## Exercise objective
The copy you give must match the listing below exactly and contain no pictures.

## Provided material
----------------
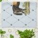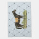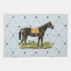 Ein schönes schwarzes Pferd mit Sattel in Vintager Farbdarstellung auf hellblauem gemustertem Hintergrund
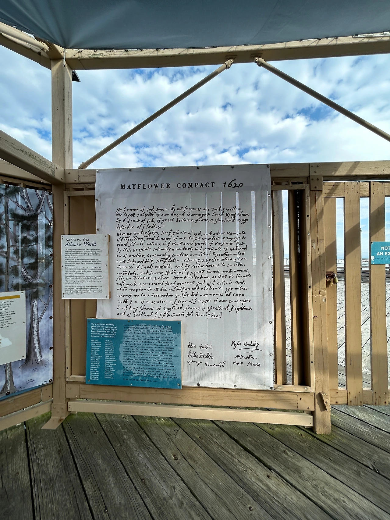 앞 장에서도 언급했듯이 메이플라워호는 태풍 때문에 항로를 크게 벗어나 당초 영국 왕실이 칙허 한 땅인 버지니아 제임스타운에 도착하지 못하고 훨씬 북쪽인 케이프 코드에 도착하고 말았다. 제임스타운으로의 항해를 계속할지 논의가 분분했으나 2개월에 걸친 긴 여정과 추운 겨울이 닥쳐왔기 때문에 프로빈스타운에 상륙하자는 결의안이 제출되었다.
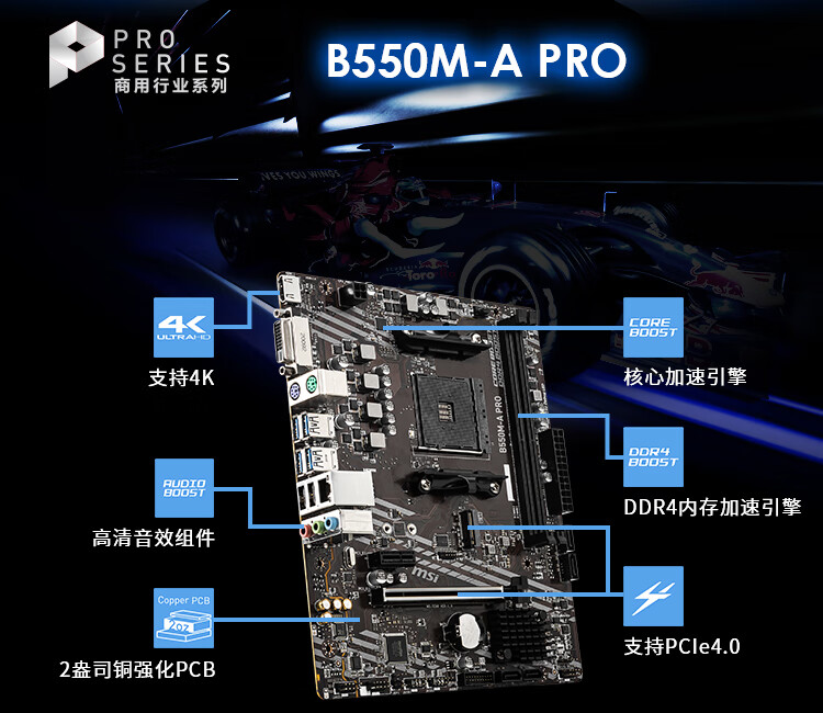 微星(MSI)B550M-A PRO电脑主板 支持CPU 5600/5600GT/5600G/5700X(AMD B550/Socket AM4)
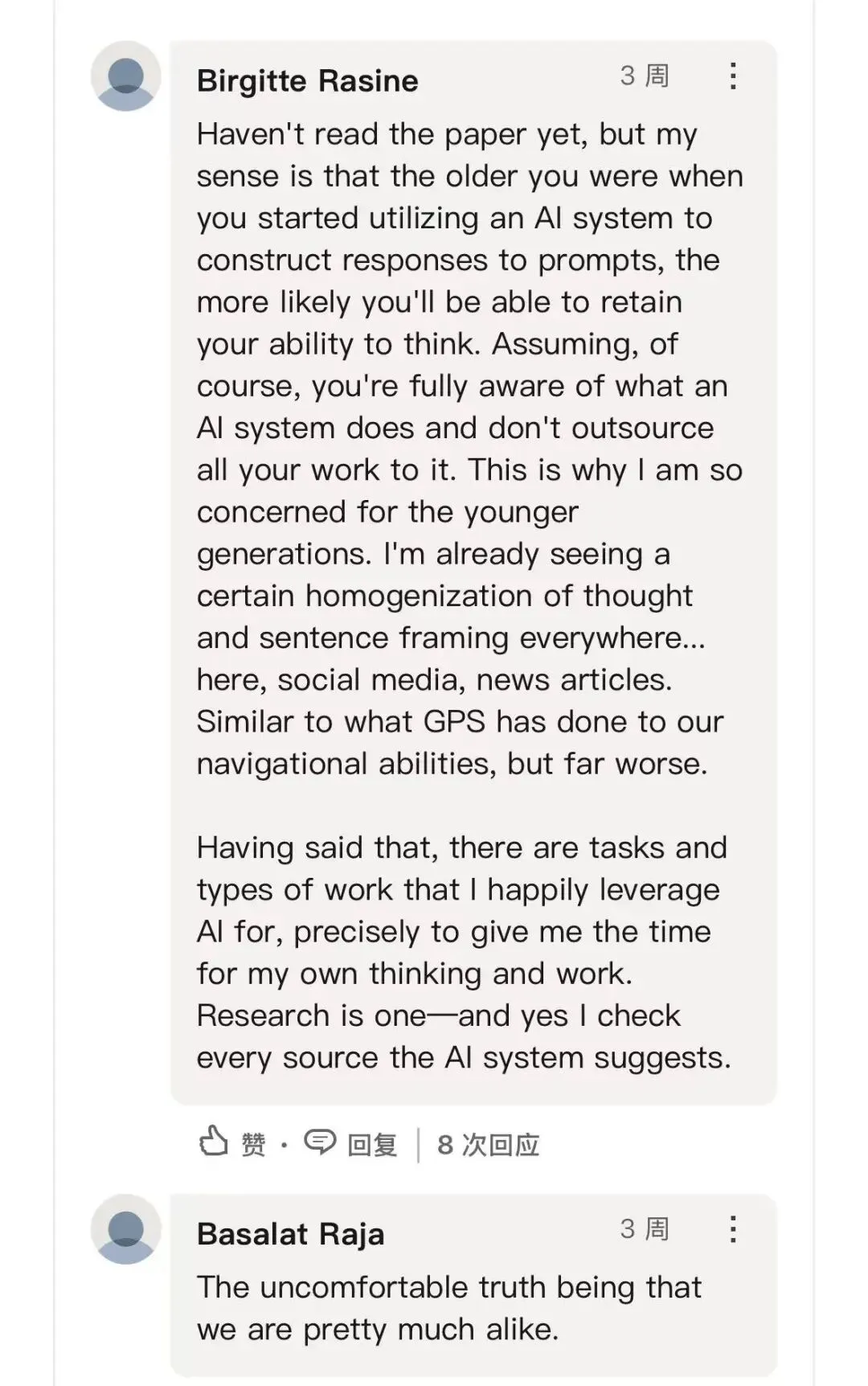 有些网友认为:你开始使用AI时的年龄越大,你越有可能保留自己的思考能力——前提是你清楚地知道AI在做什么,并且没有把所有工作都外包给它。
----------------
## Answer space
 Ein schönes schwarzes Pferd mit Sattel in Vintager Farbdarstellung auf hellblauem gemustertem Hintergrund
 앞 장에서도 언급했듯이 메이플라워호는 태풍 때문에 항로를 크게 벗어나 당초 영국 왕실이 칙허 한 땅인 버지니아 제임스타운에 도착하지 못하고 훨씬 북쪽인 케이프 코드에 도착하고 말았다. 제임스타운으로의 항해를 계속할지 논의가 분분했으나 2개월에 걸친 긴 여정과 추운 겨울이 닥쳐왔기 때문에 프로빈스타운에 상륙하자는 결의안이 제출되었다.
 微星(MSI)B550M-A PRO电脑主板 支持CPU 5600/5600GT/5600G/5700X(AMD B550/Socket AM4)
 有些网友认为:你开始使用AI时的年龄越大,你越有可能保留自己的思考能力——前提是你清楚地知道AI在做什么,并且没有把所有工作都外包给它。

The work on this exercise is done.